Christopher Francis Reilly (born in Glasgow, Scotland) is a Scottish actor.

==Career==
Chris Reilly began acting in 2009 age 31, and studied at Royal Welsh College of Music and Drama with a Screen Academy Wales Bursary.

Most Recent Work:
- "Slow Horses" for Apple TV+ 3 Seasons as Nick Duffy in the Lead Cast.
- "Ellis" for Channel 5 (UK)
- Generation Z for Channel 4 (UK) Directed by Ben Wheatley.
- "The Head" for HBO Asia and Hulu Japan, filming in Tenerife and Iceland, a thriller set in an Arctic ice station.
- "Industry" for HBO
- "Wrath of Man" for Miramax/MGM and Guy Ritchie alongside Jason Statham, Scott Eastwood, Jeffrey Donovan and Laz Alonso.

Chris Reilly is the 2018 BAFTA Scotland Winner for Best Actor in a Television Drama for his Role as Alex Baxter in BBC1's The Last Post.
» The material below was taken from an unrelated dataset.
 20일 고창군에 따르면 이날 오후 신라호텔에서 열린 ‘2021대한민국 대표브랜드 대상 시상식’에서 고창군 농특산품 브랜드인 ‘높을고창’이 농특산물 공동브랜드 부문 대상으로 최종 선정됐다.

He starred alongside Jessie Buckley, Jessica Raine, Ben Miles, Tom Glyn Carney and Stephen Campbell Moore. In accepting his award he called for focus on industry access for working class young people, having benefited himself from a Screen Academy Wales (sponsored by BAFTA Cymru) bursary while at Welsh College. He dedicated his award to Marilyn Le Conte, Head of Radio Drama at RWCMD.
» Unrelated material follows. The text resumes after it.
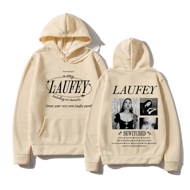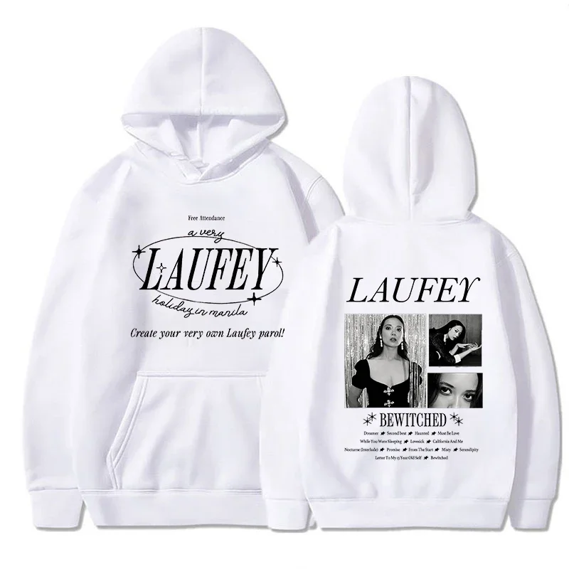 Get bewitched by this stunning Laufey hoodie that celebrates her iconic album artwork. The front features elegant gothic lettering with “Create your very own Laufey parody!” text, while the back showcases the atmospheric black and white album photography that defines the Bewitched era. This sleek black hoodie is the ultimate way to rep one of music’s most enchanting artists while keeping cozy and stylish.

Chris plays "Nick Duffy" a top billed character in Apple TV's Emmy award winning "Slow Horses". Nick is the head of MI5s Internal police force known as "The Dogs" a set of enforcers tasked with executing difficult orders in times of crisis.

Throughout 2018 Chris was working on The Feed for Amazon Prime Filming in Manchester and Liverpool. He is lead cast as Gil Tomine, Also Cast are David Thewlis and Michelle Fairley, and is filming Devils in Rome for Sky Italia and Lux Vide playing Alex Vance with Patrick Dempsey.

Chris Reilly is also billed as lead cast in BANG! (BBC3 and S4C) He plays Ray in an English/Welsh language drama in the Scandi Noir style, Written by Roger Williams. The show has won multiple awards including Best Drama and Best Editor in the 2018 BAFTA Cymru (Wales) awards. The Cast Includes Jack Parry-Jones who won Best Actor in a Film at the same awards for his role in Moon Dogs. Chris Reilly is currently working with the same production team on "Concrete Plans", Billed as a Neo-Western Set in the Wild West Wales.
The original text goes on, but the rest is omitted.